The scenario takes four hours for the patient to complete. During that period the patient makes decisions in a simulated environment which approximates the real world. "It sounds very complex, but in fact the patients have responded very well," adds Satish.

Streufert explains that this simulation test measures a number of different characteristics that are predictors of success in the real world. What is being measured is termed higher order cognitive function. Some of the factors include responsiveness, speed, initiative, emergency response, planning and strategy.

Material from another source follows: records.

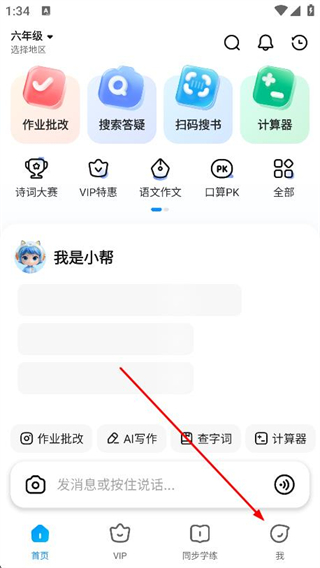 1、打開作業(yè)幫,點擊導(dǎo)航欄的我,進(jìn)入個人中心頁面。
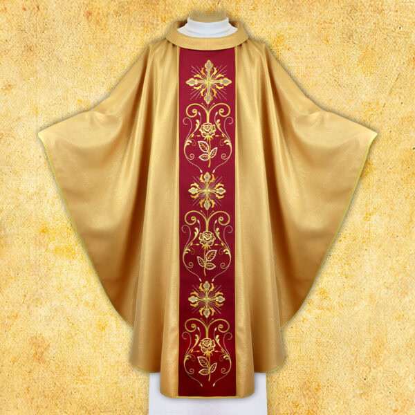Ornat liturgiczny wykonany z eleganckiej, złotej tkaniny o subtelnym, brokatowym połysku, który pięknie odbija światło i podkreśla uroczysty charakter celebracji. Centralny pas w kolorze głębokiego bordo zdobi bogaty haft wykonany złotą nicią, przedstawiający motyw krzyża, róż i ornamentów roślinnych – symbolizujących chwałę, ofiarę i piękno liturgii.
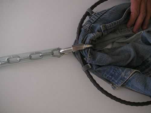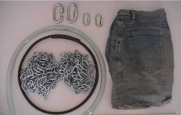 А именно как видно на фото были взяты старые джинсовые шорты, цепь, карабины и из этих нехитрых материалов сами прекрасно видите что получилось.
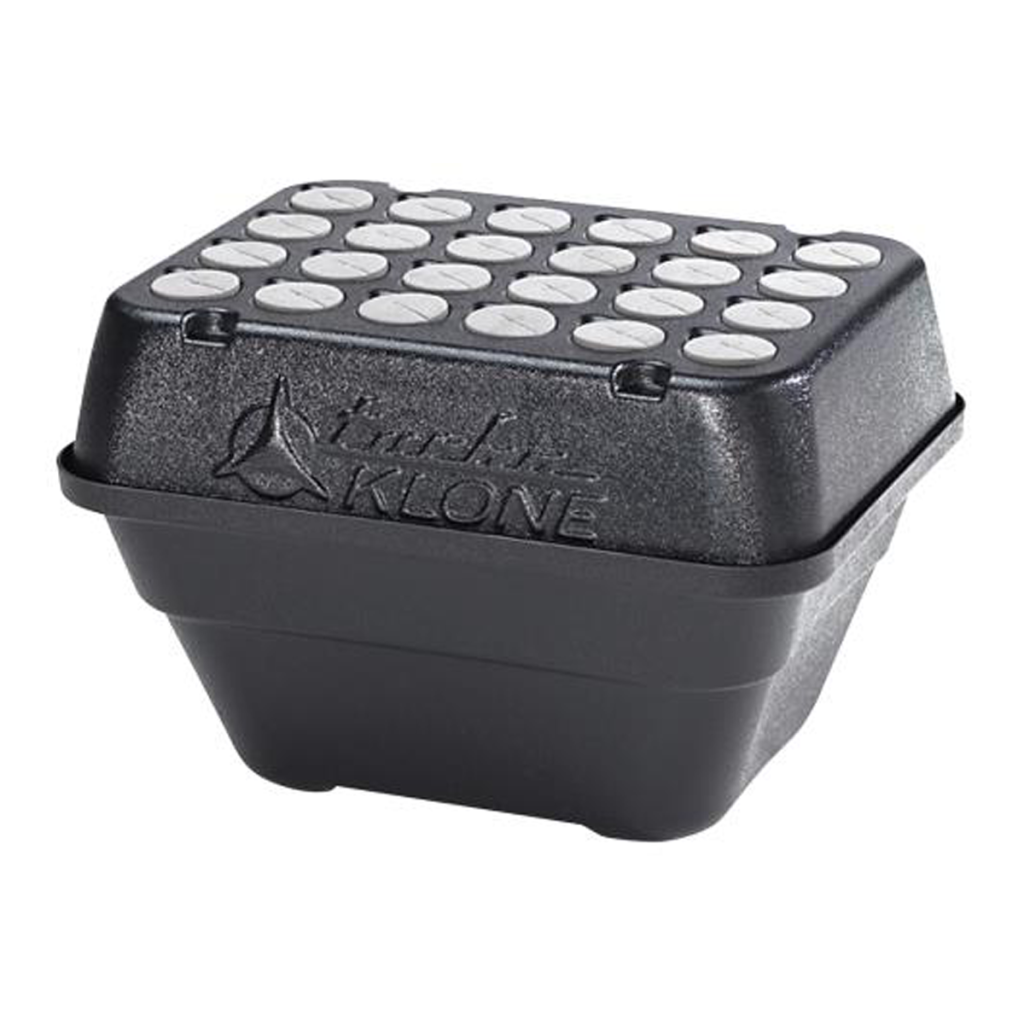 - The System has 24 Clone Sites that allow your plant cuttings to be suspended inside the TurboKlone where multiple spray jets send a continuous mist of nutrient-rich water solution to the clone roots, promoting the development of a healthy, robust root structure.

"While patients consistently lacked initiative, we realize they can gather information at high levels and take orders very well," says Satish. She adds that most of these patients have normal or near normal test results on neuropsychological tests and other measures. However, most report numerous problems holding a job and problems with personal relationships. In addition, Satish adds that they sustain subtle executive function deficits which are hard to measure using environmental tests. "By being able to consistently measure what problems these brain-injured patients are having, we can tailor rehabilitation efforts much better. This program is both time effective and cost effective," explains Satish. As she continues to test patients to add information to her database, the Penn State College of Medicine researcher is seeking funding to greatly expand the program.

"We think this can be a model used in many places that could help thousands of people. Often these patients are young victims who were in car accidents. If we can help get them back to work quicker and improve their personal lives, there will also be a great cost savings for society," says Satish.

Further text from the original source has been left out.